Recent Company Highlights

Initiated the DIGNITY study, an open-label, dose-escalating pivotal Phase I/II study of ThermoDox in combination with hyperthermia to treat recurrent chest wall (RCW) breast cancer

Received orphan drug designation for ThermoDox for the treatment of primary liver cancer; entitles Celsion to seven years of market exclusivity following FDA approval

Published Phase 1 ThermoDox clinical results in primary liver cancer in the peer-reviewed medical journal Expert Opinion on Pharmacology

Celsion’s proprietary thermosensitive liposome technology and ThermoDox was the subject of three presentations at the Society for Thermal Medicine Annual Meeting

Duke University reported promising Phase I interim data evaluating ThermoDox for the treatment of RCW breast cancer

“We have made substantial progress moving our lead oncology drug ThermoDox closer to commercialization,” commented Michael H. Tardugno, Celsion’s president and chief executive officer. “Enrollment in our global Phase III primary liver cancer study is accelerating.
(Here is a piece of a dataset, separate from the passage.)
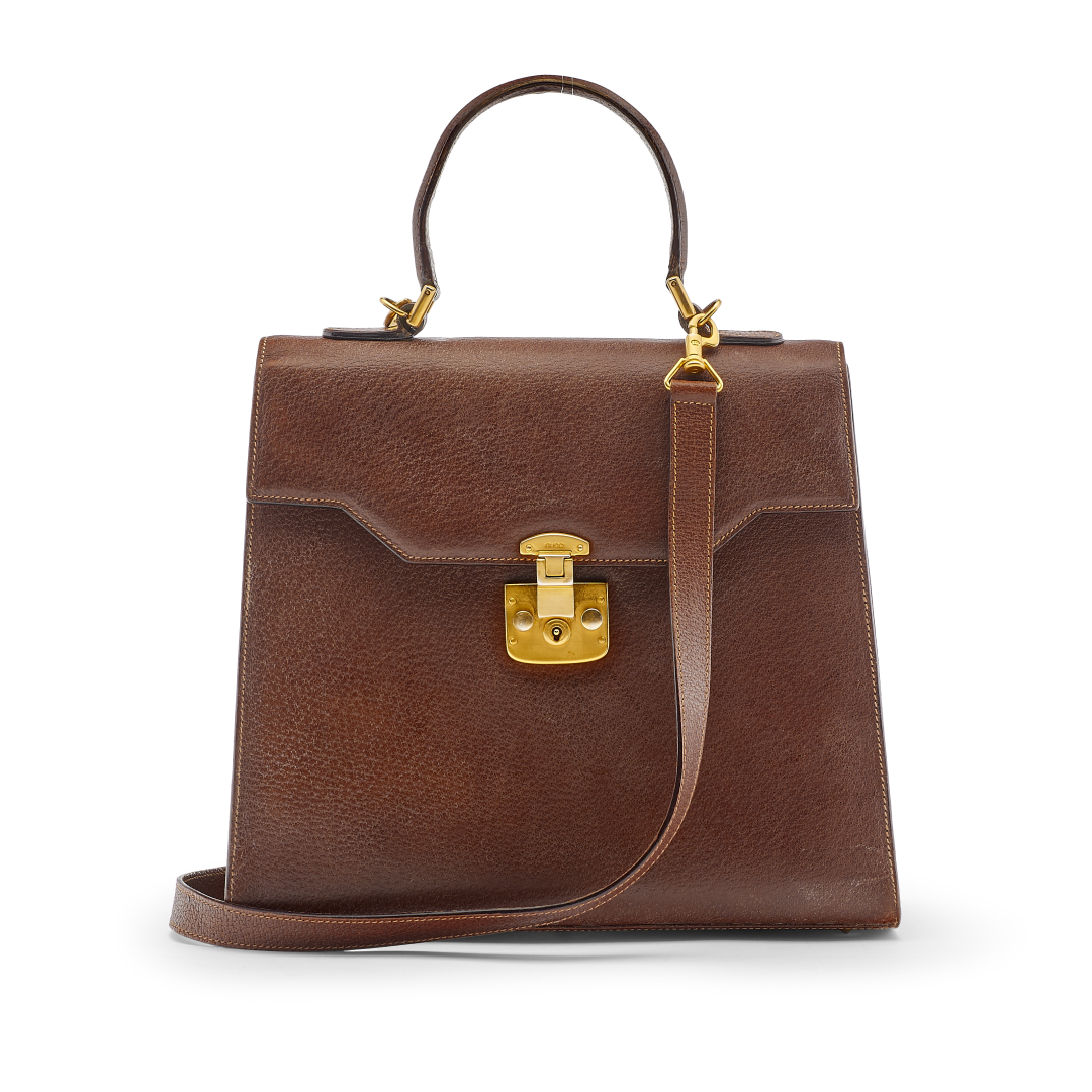brown boar leather, camel leather interior. Handle and detachable shoulder strap in brown leather. Flap closure secured by snap lock. Golden-tone metal hardware.

We now have 33 clinical sites activated to date, with plans to increase the number of sites to 65 by the end of 2009. We expect to substantially complete patient enrollment in this trial within the first quarter of 2010. Our pivotal Phase I/II recurrent chest wall breast cancer clinical trial is enrolling patients at four clinical sites, and importantly, our first patient has been treated. We expect to complete patient enrollment for this study in the second quarter of 2010. Our financial resources are sufficient to advance our current programs, and we remain focused and are committed to delivering timely clinical results and regulatory approval for ThermoDox and the promise that it holds for treating difficult cancers.”